简体   繁体   English

编译器谓词优化

[英]Compiler predicate optimizations

Consider the following example conditions/predicates: 请考虑以下示例条件/谓词:

  1. x > 10 and x > 20
  2. (x > 10 or x == 10) and (x < 10 or x == 10) aka x >= 10 and x <= 10 (x > 10 or x == 10) and (x < 10 or x == 10)又名x >= 10 and x <= 10

Predicate 1. can be simplified to x > 20 and 2. can be simplified to x == 10 . 谓词1.可以简化为x > 20和2.可以简化为x == 10 Would a compiler optimize this kind of (or more complex) predicates and if so what algorithms are used to do so? 编译器是否会优化这种(或更复杂的)谓词,如果是,那么使用什么算法呢?

What are some common optimization techniques for predicates? 什么是谓词的常见优化技术?

It depends on the compiler, but clang and gcc do perform this optimisation: 这取决于编译器,但clang和gcc会执行此优化:

#include <stdio.h>

void foo(int x) {
  if (x > 10 && x > 20)
    puts("foo");
}

void foo2(int x) {
  if ((x > 10 || x == 10) && (x < 10 || x == 10))
    puts("foo2");
}

You can see the assembly here -- both functions contain a single comparison. 您可以在此处查看程序集 - 两个函数都包含单个比较。
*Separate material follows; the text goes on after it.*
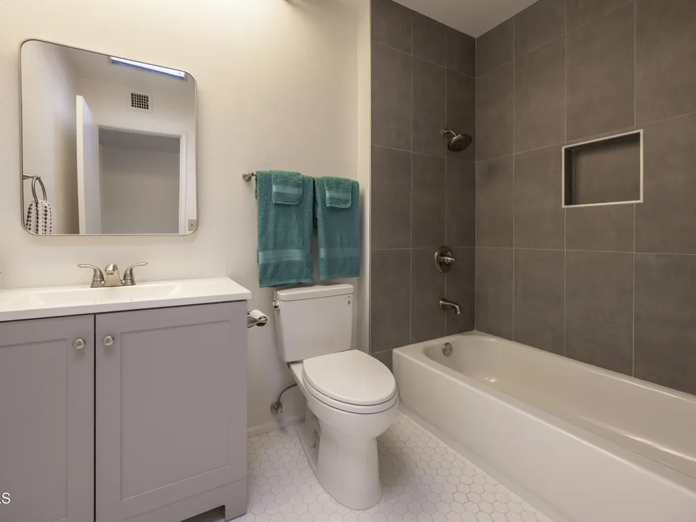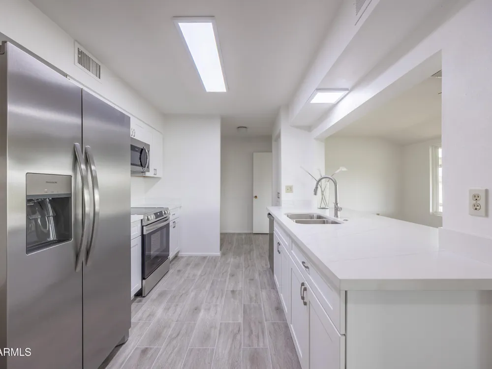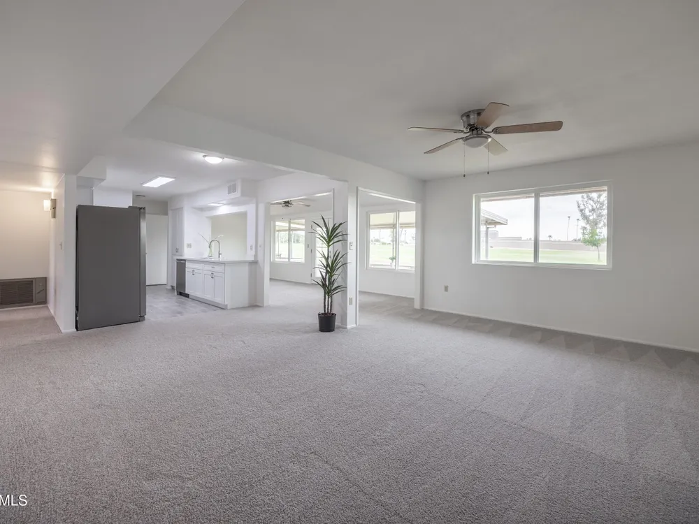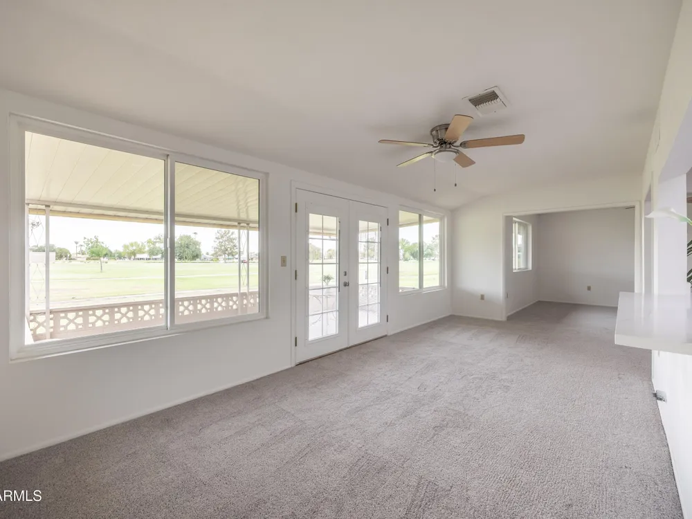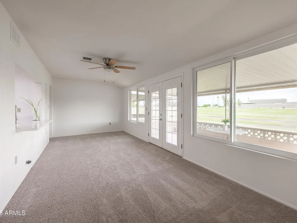 GORGEOUS GOLF COURSE GEMINI IN THE HEART OF SUN CITY! PRIVATE COURTYARD ENTRANCE. OPEN, BRIGHT KITCHEN FEATURES WHITE CABINETS, QUARTZ COUNTER TOPS, STAINLESS STEEL APPLIANCES ALL IN '25. BOTH BATHROOMS REMODELED IN '25. PRIMARY BATHROOM HAS A ZERO ENTRY SHOWER TOO! CARPET/TILE IN '25. DUAL PANE WINDOWS ON GOLF COURSE SIDE & FRENCH DOOR LEADING TO COVERED PATIO. TWO CAR GARAGE WITH ATTACHED CABINETS. HVAC-'16. SEWER REPLACEMENT IN '25. YOU WILL LOVE THIS PLACE!!

For clang (which uses LLVM), it uses the instruction combine pass ('instcombine'). 对于clang(使用LLVM),它使用指令combine pass ('instcombine')。 You can see of the transformations in the InstructionSimplify.cpp source code. 您可以在InstructionSimplify.cpp源代码中看到转换。
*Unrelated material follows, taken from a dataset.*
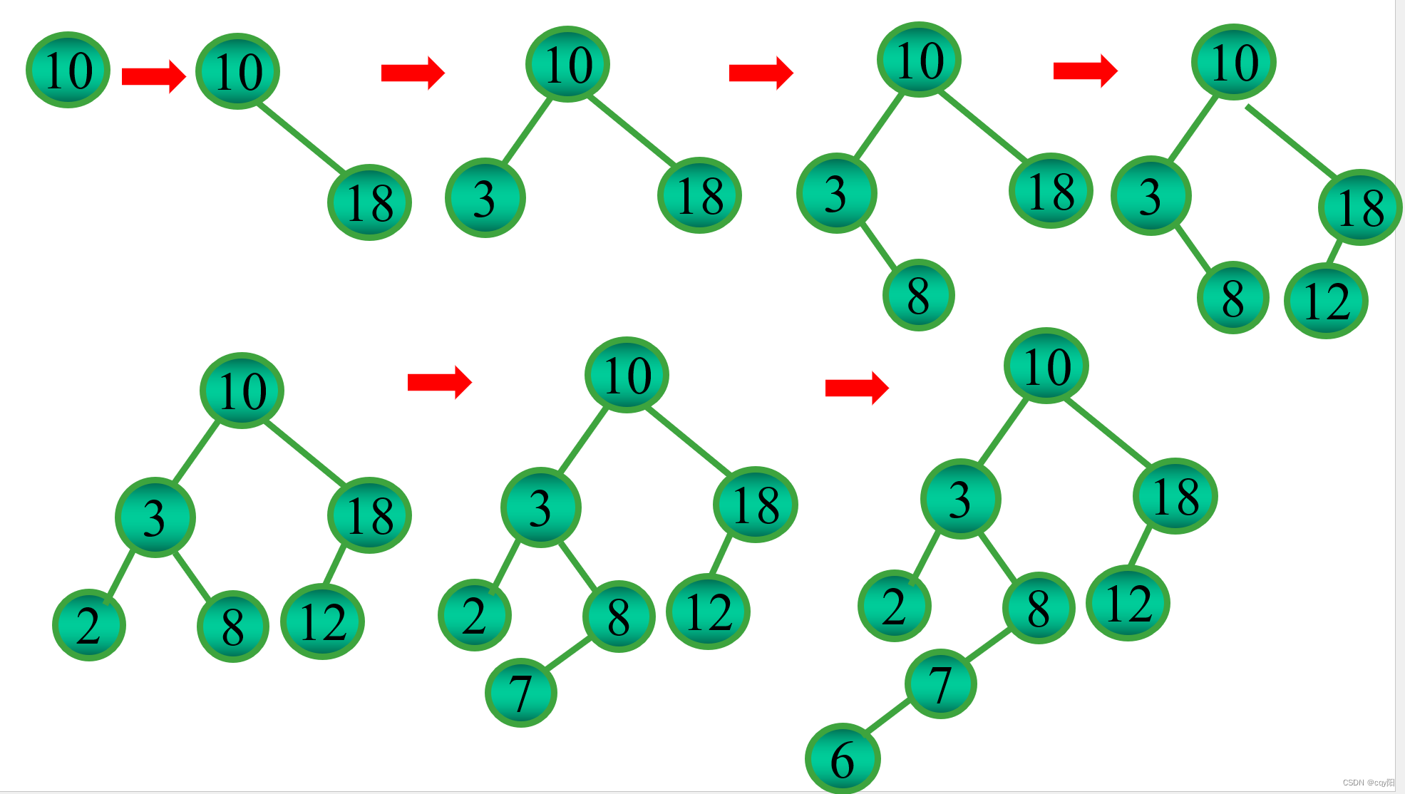 示例:关键字序列为 {10, 18, 3, 8, 12, 2, 7, 6}

Looking at the IL code that the C# compiler spits out for the following method, at least in this case the compiler does not seem smart enough. 查看C#编译器为以下方法吐出的IL代码,至少在这种情况下编译器看起来不够智能。 Not sure, though, what happens when the IL code gets translated into native code or even later in the processor pipeline - there will be further optimizations kicking in: 但是,不确定当IL代码被转换为本机代码甚至更晚的处理器管道时会发生什么 - 将会有进一步的优化:

private static bool Compare(int x)
{
   return (x > 10 || x == 10) && (x < 10 || x == 10);
}

Corresponding IL: 相应的IL:

IL_0000: ldarg.0      // x
IL_0001: ldc.i4.s     10 // 0x0a
IL_0003: bgt.s        IL_000a
IL_0005: ldarg.0      // x
IL_0006: ldc.i4.s     10 // 0x0a
IL_0008: bne.un.s     IL_0017
IL_000a: ldarg.0      // x
IL_000b: ldc.i4.s     10 // 0x0a
IL_000d: blt.s        IL_0015
IL_000f: ldarg.0      // x
IL_0010: ldc.i4.s     10 // 0x0a
IL_0012: ceq          
IL_0014: ret          
IL_0015: ldc.i4.1     
IL_0016: ret          
IL_0017: ldc.i4.0     
IL_0018: ret

Here's the second (optimized) version: 这是第二个(优化)版本:

private static bool Compare(int x)
{
   return x >= 10 && x <= 10;
}

And, again, the corresponding IL code: 而且,相应的IL代码:

IL_0000: ldarg.0      // x
IL_0001: ldc.i4.s     10 // 0x0a
IL_0003: blt.s        IL_000e
IL_0005: ldarg.0      // x
IL_0006: ldc.i4.s     10 // 0x0a
IL_0008: cgt          
IL_000a: ldc.i4.0     
IL_000b: ceq          
IL_000d: ret          
IL_000e: ldc.i4.0     
IL_000f: ret          

Since the second version is clearly shorter it has greater chances of getting inlined at runtime so we should expect it to run a bit faster. 由于第二个版本明显更短,因此它有更大的机会在运行时进行内联,因此我们应该期望它运行得更快。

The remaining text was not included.